I think one or two additional special-purpose journals would not really change the landscape.

IMO, what we need is a complete modern infrastructure based on state of the art IT/social networking. One that allows the review of articles even after they officially appeared with an elaborate voting system that factors in the credibility of the reviewers, It should make it possible to add (publish) refutations and the publication of positive or negative attempts of replications, etc and organize the articles with their support/refutations/endorsements in an easily accessible database.

Ideally, such a system could work both as a rating and publication medium, but with the current scientific publishing lobby, it would not have much chance to take off.

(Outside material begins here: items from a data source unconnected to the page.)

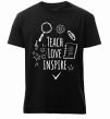 Чоловіча преміум-футболка власного виробництва. Виготовлена з якісної тканини (95% бавовна, 5% еластан) — щільна, м'яка та приємна до тіла. Принт Teach love inspire можна розмістити на грудях, спині або рукаві.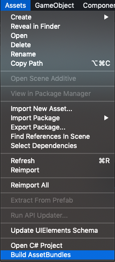 Assets-Build AssetBundles 항목이 생긴것을 확인할 수 있다.. 빌드를 하기전 먼저 BuildPipeline.BuildAssetBundles에 대해 알아보자.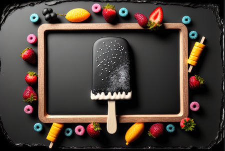 Black wooden backdrop with space for text and a color berry ice popsicle on a stick in the middle on a black plate handmade summer desserts with ice cream
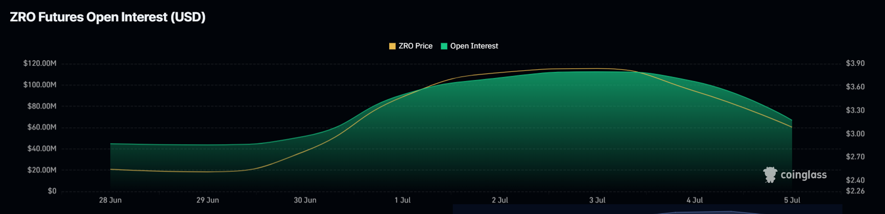 Ra mắt ZRO vào tháng trước đã nhận được sự lạc quan đáng kể nhưng hiệu suất gần đây lại không thể hiện điều tương tự. Trong tuần qua, Open Interest của ZRO đã giảm mạnh gần 50%, từ 112 triệu USD xuống còn 66 triệu USD. Sự sụt giảm đáng kể này cho thấy sự giảm số lượng hợp đồng hoặc vị thế được các nhà giao dịch nắm giữ, báo hiệu hoạt động thị trường giảm sút hoặc sự thay đổi trong tâm lý.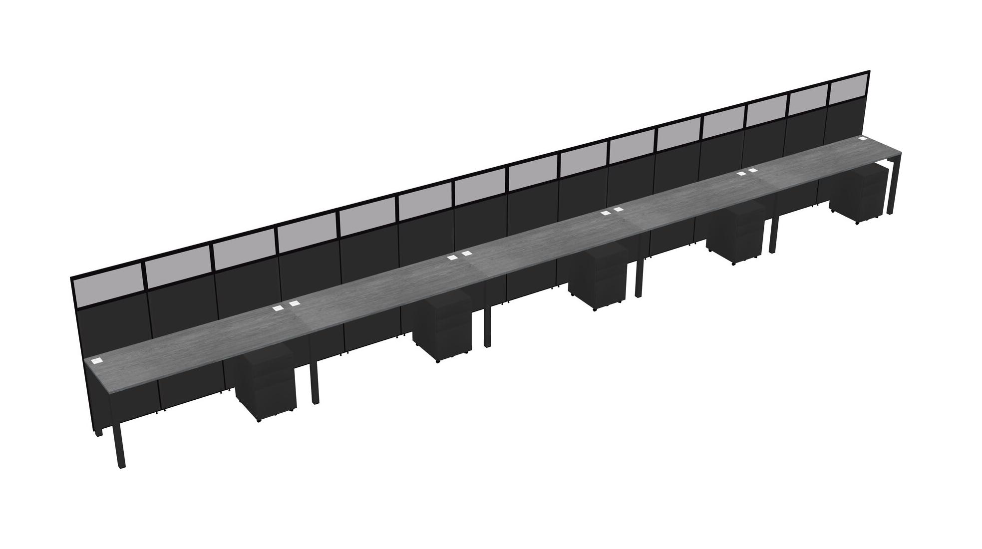 Grey Shared Rectangular Office Cubicle Panel System With Mobile Drawers For 5 Persons

The only chance is to do this by extending an existing meta-system (e.g. citeseer) with a general discussion/rating/publishing forum, that would allow the publication of critics/refusals/extensions of existing papers maybe even in a peer-reviewed manner.

In the field that I work, I see that the scientific community discusses and generally supports such changes and given all the efforts and progress of the last decade I'd be surprised if we won't see such (or similar) one or more systems emerging in the next 10 years.

Comment author: cousin_it 24 August 2009 09:48:45AM *  0 points [-]

I think one or two additional special-purpose journals would not really change the landscape. IMO, what we need is a complete modern infrastructure based on state of the art IT/social networking.

You may be right, but beware of throwing cold water on Vladimir's idea. It might just work. After all, arXiv is a simple website without bells and whistles, and look how much impact it had.